MACDUFF. – Secourez lady Macbeth.

MALCOLM. – Pourquoi retenons-nous nos langues ? C'est à elles surtout qu'il appartient d'exprimer de pareils sentiments.

DONALBAIN. – Eh ! pourquoi parlerions-nous ici, où notre destinée fatale, cachée dans le trou de l'ogre, peut s'élancer sur nous et nous saisir ? Fuyons ! nos larmes ne sont pas encore prêtes à couler.

MALCOLM. – Ni notre chagrin sur le pied d'agir.

BANQUO. – Secourez lady Macbeth (on emporte lady Macbeth), et lorsque nous aurons couvert la nudité de notre frêle nature, qui souffre ainsi exposée, rassemblons-nous et faisons des recherches sur cette sanglante action, afin de la connaître plus à fond.

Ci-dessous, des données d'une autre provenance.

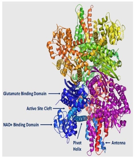At the structural level, GDH is a hexamer comprised of six identical subunits. Each of these polypeptides consists about 500 amino acids (molecular mass: ~56 kDa) [4,30]. The enzyme is composed of two trimers, with each trimer encompassing three main functional domains: the NAD+ binding, the glutamate binding and the regulatory domain (Figure 2). The regulatory domain includes the pivot helix and the “antenna”. The latter is a 48 amino acid segment that consists of an ascending α-helix, a random coil and a small C-terminal α-helix that shows striking conformational changes on opening and closure of the active site of the enzyme [18,19]. In the functional trimer, the antennas of the adjacent subunits are intertwined with this inter-subunit interaction thought to mediate allostery, but the precise mechanisms involved are not fully understood [21].
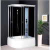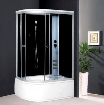 Дополнительные характеристики Усиленный акриловый душевой глубокий поддон с каркасом и фартуком; плоская крыша ABS; центральная пластиковая стойка со смесителем и тремя гидромассажными форсунками; черные/белые закаленные задние стекла; тонированные/матовые передние стекла; ручной душ

Nous sommes ébranlés par les terreurs et les doutes, mais je suis dans la puissante main de Dieu, et de là je combattrai les desseins secrets d'une méchanceté perfide.

MACBETH. – Et moi aussi.

TOUS. – Et nous tous de même.

MACBETH. – Allons promptement nous vêtir tous d'une manière convenable, afin de nous rassembler ensuite dans la salle.

TOUS. – Volontiers.

(Ils sortent.)

MALCOLM. – Que voulez-vous faire ? Ne nous associons point avec eux. Montrer une douleur qu'on ne sent pas est un rôle aisé pour l'homme faux. – Je me retire en Angleterre.

DONALBAIN. – Et moi en Irlande. En séparant nos fortunes nous serons plus en sûreté. Ici je vois des poignards dans les sourires, et celui qui est le plus près par le sang est le plus prêt à le verser.

MALCOLM. – Le trait meurtrier qui a été lancé n'a pas encore atteint son but ; et le parti le plus sûr pour nous est d'en éviter le coup. Ainsi donc, à cheval, et ne nous inquiétons pas de prendre congé : tirons-nous d'abord d'ici. Il est permis de commettre le vol, de se dérober soi-même, quand il ne reste plus d'espérance.